HDU 1013 Digital Roots

Digital Roots

Time Limit: 2000/1000 MS (Java/Others)    Memory Limit: 65536/32768 K (Java/Others)

Total Submission(s): 81141    Accepted Submission(s): 25390


Problem Description

The digital root of a positive integer is found by summing the digits of the integer. If the resulting value is a single digit then that digit is the digital root. If the resulting value contains two or more digits, those digits are summed and the process is
repeated. This is continued as long as necessary to obtain a single digit.

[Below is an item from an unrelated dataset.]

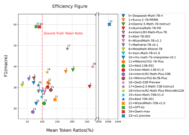 模型性能和token使用效率之间的关系是理解模型设计中trade-offs的关键因素。如图7所示,我们分析了平均token比率( % ,由模型在推理过程中实际使用的令牌数除以基本真值答案中的令牌数计算得到),代表token使用相对于真实值的效率,与反映模型预测性能的F1分数之间的关系。o1-preview 和QwQ-32B-Preview 等推理模型在推理过程中使用了大量的token,但并没有导致F1分数的相应提高。这表明基准任务是非常困难的,简单地增加令牌推理的长度或细节并不一定能提高性能。Qwenmax 和GPT-4o等模型显示了令牌使用和性能之间很好的平衡。这些模型在保持令牌消耗接近真实令牌比例的同时,获得了相对较高的F1分数。这表明他们能够高效地执行精确推理,而不过度依赖额外的令牌使用。
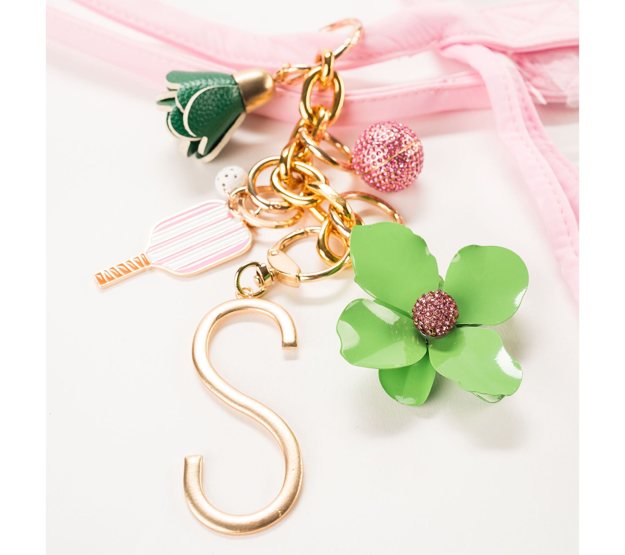 Transform your handbag into a standout piece with this delightful flower tassel bag charm. The charm features goldtone hardware and a playful tassel design that seamlessly adds personality to your accessory collection. Whether you're feeling minimalist or want to create a bold statement, this charm is versatile enough to match your mood. With a simple O-ring clasp, it's easy to attach and reattach, making bag personalization a breeze. From Violet Brooks.

For example, consider the positive integer 24. Adding the 2 and the 4 yields a value of 6. Since 6 is a single digit, 6 is the digital root of 24. Now consider the positive integer 39. Adding the 3 and the 9 yields 12. Since 12 is not a single digit, the process
must be repeated. Adding the 1 and the 2 yeilds 3, a single digit and also the digital root of 39.

 

Input

The input file will contain a list of positive integers, one per line. The end of the input will be indicated by an integer value of zero.

 

Output

For each integer in the input, output its digital root on a separate line of the output.

 

Sample Input

24
39
0

 

Sample Output

6
3

 
题目大意：给你一个数，如果这个数的每一位数字加起来以后是一个个位数，就输出这个个位数，否则就一直重复，直到它的每一位数字加起来的和是个个位数
要用字符串来写......

#include<iostream>
#include<string>
#include<vector>
using namespace std;
typedef long long ll;
int main(){
string str;
while(cin>>str){
if(str[0]=='0'&&str.length()==1) break;
if(str.length()==1) cout<<str<<endl;
else{
while(1){
int a=0;
for(int i=0;i<str.length();i++){
a+=str[i]-'0';
}
if(a/10==0){
cout<<a<<endl;
break;
}
else{
str.clear();
do{
str.push_back(a%10+'0');
a/=10;
}while(a);
}
}
}
}

}